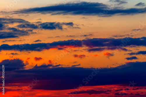 © Pellinni, Fototapeta premium orange sunset sky with clouds. beautiful nature background
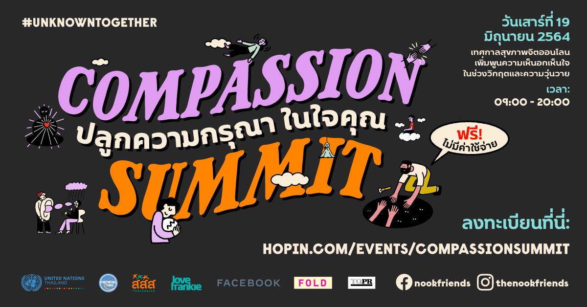 ทั้งนี้ แคมเปญ #UnknownTogether จะมีการจัดงานเสวนาปลูกความกรุณาในใจคุณ ครั้งที่ 1 ในวันที่ 19 มิถุนายน 2564 สามารถดูรายละเอียดเพิ่มเติมได้ที่ hopin.com/events/compassionsummit
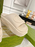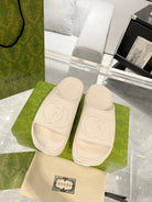 GC 25 Interlocking G 50mm Slide Sandal Ivory Cowhide 292379
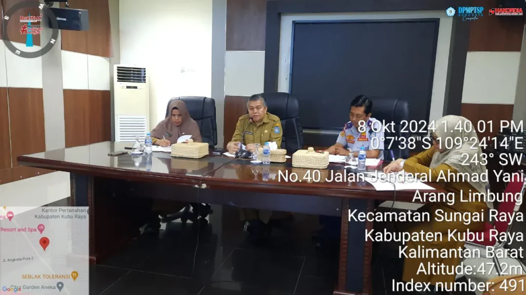 Penata Perijinan Ahli Madya DPMPTSP Kubu Raya, Bapak Khatim Asy’ari, ST, MT mewakili Kepala DPMTPSP Kubu Raya dalam kegiatan Rapat pembahasan mengenai usulan perubahan pengelolaan dan perpanjangan sewa Pemanfaatan tanah dalam pelabuhan Penyeberangan Rasau Jaya untuk kegiatan SPBN PT. ADIL MAKMUR PERSADA. Kegiatan dilaksanakan pada hari Selasa, 8 Oktober 2024.
++++++++++++++++++++
Write out exactly, and only, the lines running from the line with "ทั้งนี้ แคมเปญ #UnknownTogether" to the last line above, both included, with all pictures omitted.

▶ [Response for this exercise]:
 ทั้งนี้ แคมเปญ #UnknownTogether จะมีการจัดงานเสวนาปลูกความกรุณาในใจคุณ ครั้งที่ 1 ในวันที่ 19 มิถุนายน 2564 สามารถดูรายละเอียดเพิ่มเติมได้ที่ hopin.com/events/compassionsummit
 GC 25 Interlocking G 50mm Slide Sandal Ivory Cowhide 292379
 Penata Perijinan Ahli Madya DPMPTSP Kubu Raya, Bapak Khatim Asy’ari, ST, MT mewakili Kepala DPMTPSP Kubu Raya dalam kegiatan Rapat pembahasan mengenai usulan perubahan pengelolaan dan perpanjangan sewa Pemanfaatan tanah dalam pelabuhan Penyeberangan Rasau Jaya untuk kegiatan SPBN PT. ADIL MAKMUR PERSADA. Kegiatan dilaksanakan pada hari Selasa, 8 Oktober 2024.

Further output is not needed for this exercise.